Remember when President Obama said Ronald Raygun was the epitome of what a president should be, that he admired him?
Well welcome to reality here we go again, and this folks will help to explain exactly why the next four years will be just like the last four or maybe worse.
Obama says he'd be seen as moderate Republican in 1980s
Now I know there will be those that say "I want a pony" or "I'm a hater" or " I never liked him anyway" and you know they may have a point. You what they don't have? Defense against the mans own words.
jump
"The truth of the matter is that my policies are so mainstream that if I had set the same policies that I had back in the 1980s, I would be considered a moderate Republican,"
Ok your "Democratic" president just told you he was a moderate republican. Let's delve deeper...

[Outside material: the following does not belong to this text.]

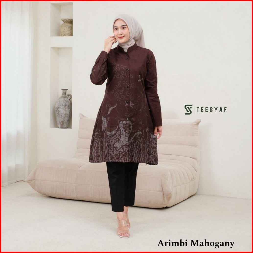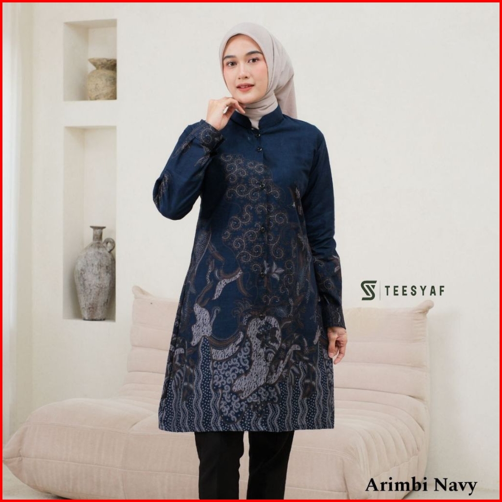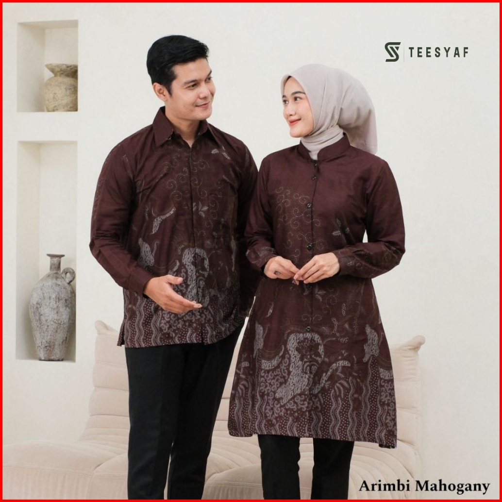 Teesyaf - An1- 12 Tunik Batik Couple Atasan Seragam Kantor Pria Wanita Lengan Panjang Motif Arimbi

PBO: The most important thing is to remember that the future of Venezuela should be in the hands of the Venezuelan people. We've seen from Chavez in the past authoritarian policies, suppression of dissent. I won't speculate on what the medical condition is, but what our policy is constantly designed to do is to make sure that you have the voices of ordinary Venezuelans expressing themselves that they have freedom, that they're able to if they're working hard to succeed in that country, and we would want to see a strong relationship between our two countries, but we're not going to change policies that prioritize making sure that there's freedom in Venezuela.
Hmmm...
Liberals Back to Giving Obama a Pass
If I were to describe a president who escalated a cruelly pointless war, raised more than twice as much campaign money from large individual donors as from small ones (including more than $27 million from lawyers and lobbyists), engaged in widespread violations of civil liberties and the Constitution, and whose most vaunted legislative achievements were to protect banks and pave the way for transfers of large amounts of money from the public treasury to private insurance companies, you would probably assume I was talking about a right-wing Republican.

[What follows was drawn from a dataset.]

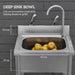 - Deep Sink Design: Large basin fits buckets, cooking pots, and tools with minimal splashing.
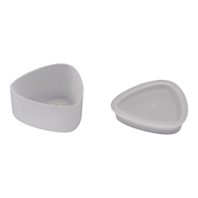 68×65×30mm Wエンボス加工のためおにぎりが簡単に抜けます。※サイズはできあがり三角おにぎりの幅×高さ×厚さです。

But I’m talking about President Obama, a Democrat, and more than a month after he defeated Mitt Romney for re-election, I remain mystified by the hysteria that took hold of liberals when it appeared, briefly, that he might lose. Liberal guilt over the president’s numerous broken pledges and his early passivity in dealing with a discredited Republican minority can partly explain the outraged tone of the American “left” whenever it got the chance to blast Romney.
At the same time, attacks on Obama from the far right provoked reflexive defenses from people disgusted by such idiotic paranoids as the “Birthers.” However, this doesn’t entirely account for the cravenly soft treatment accorded the incumbent over the past four years. And now that Obama appears poised to push substantial parts of Social Security and Medicare over the “fiscal cliff” — in exchange for a paltry, largely symbolic, increase in the top marginal income-tax rate — we might ask whether liberals will once again rise to Obama’s defense, no matter how indefensible his actions.

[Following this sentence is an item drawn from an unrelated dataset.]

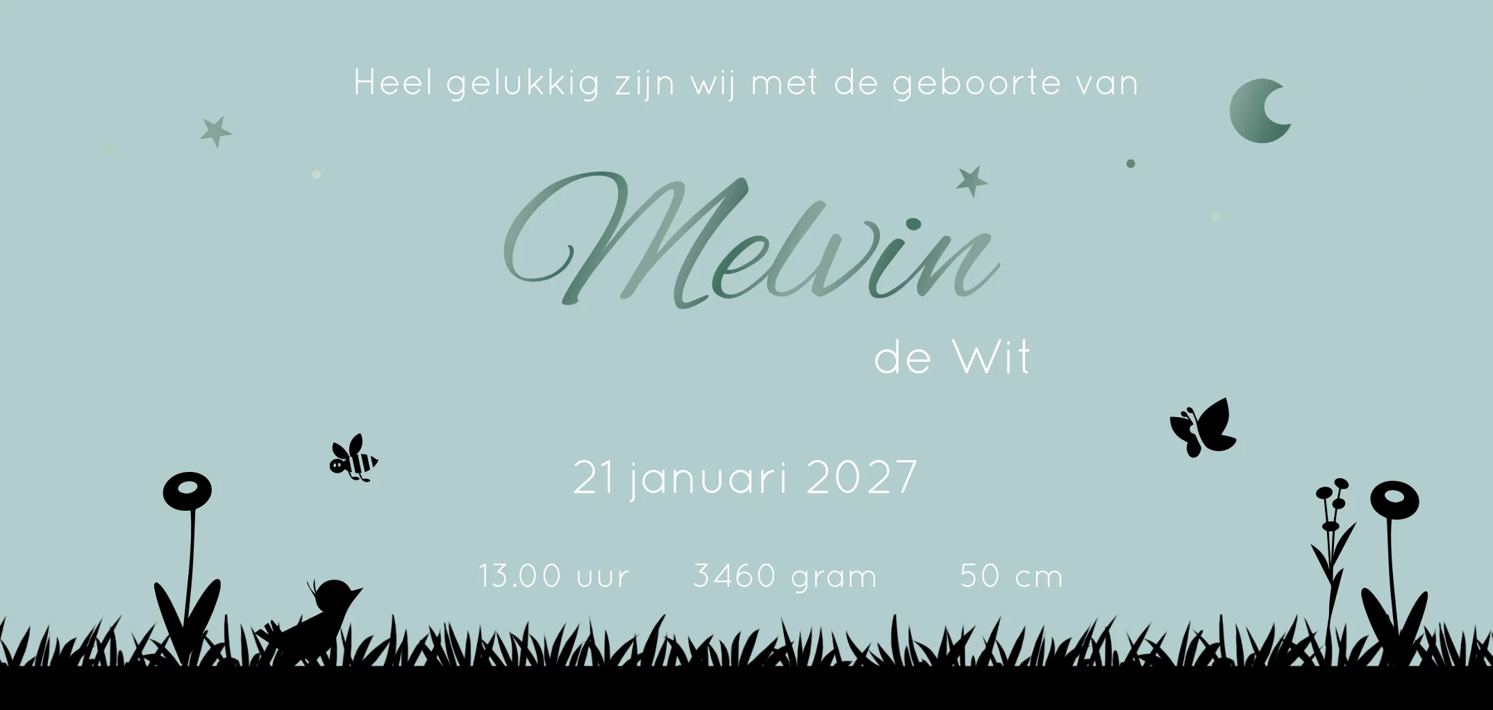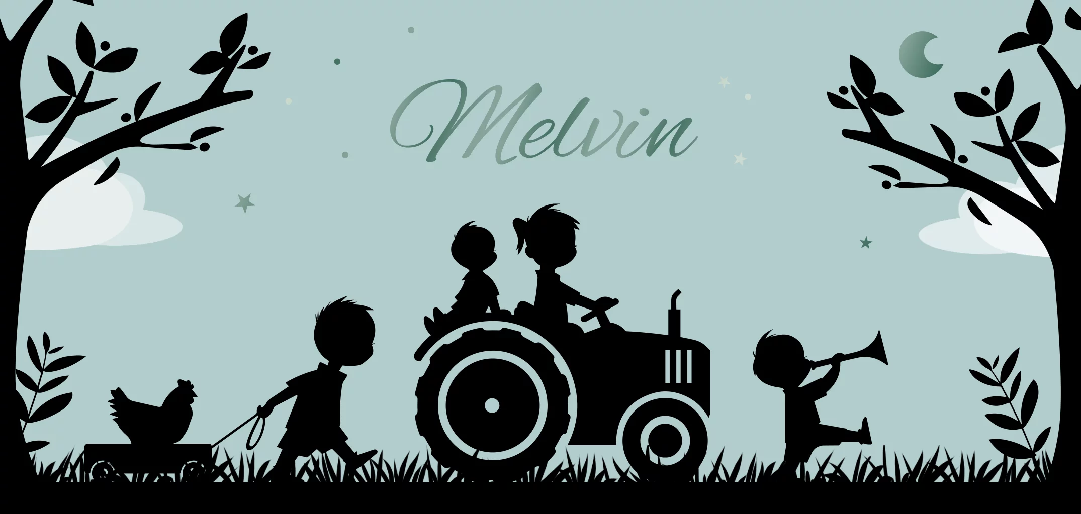 Sfeervol geboortekaartje in een landelijke boerderij-setting. Een klein jongetje wordt meegenomen op de tractor door zijn grote zus. De andere twee kinderen lopen mee. In het gras onder de bomen zorgen kippen, een gans, kat en paard voor een vrolijke noot. de naam en de sterren zijn in prachtig hoogglans gedrukt.

Well at least we will never kill kids like that dude in CT. ...
Let’s also Remember the 176 children Killed by US Drones
Of the some 3000 persons killed by US drones, something like 600 have been innocent noncombatant bystanders, and of these 176 were children. In some instances the US drone operators have struck at a target, then waited for rescuers to come and struck again, which would be a war crime. Obviously, children may run in panic to the side of an injured parent, so they could get hit by the indiscriminate second strike.
Oh well I tried. Be nice if they did too. Words are nice actions are a whole different reality.
Update
The children of Japanese-Americans whose internment during World War II was upheld by the infamous Supreme Court ruling Korematsu v. United States are stepping into a new legal battle over whether the military can indefinitely detain American citizens.
Writing that their parents "experienced first-hand the injustice resulting from a lack of searching judicial scrutiny," the children of Fred Korematsu and other Japanese-Americans who were interned filed a brief on Monday in support of a lawsuit against the National Defense Authorization Act of 2012. Critics say the law allows the military to lock Americans away without trial merely on suspicion of support for terrorist organizations.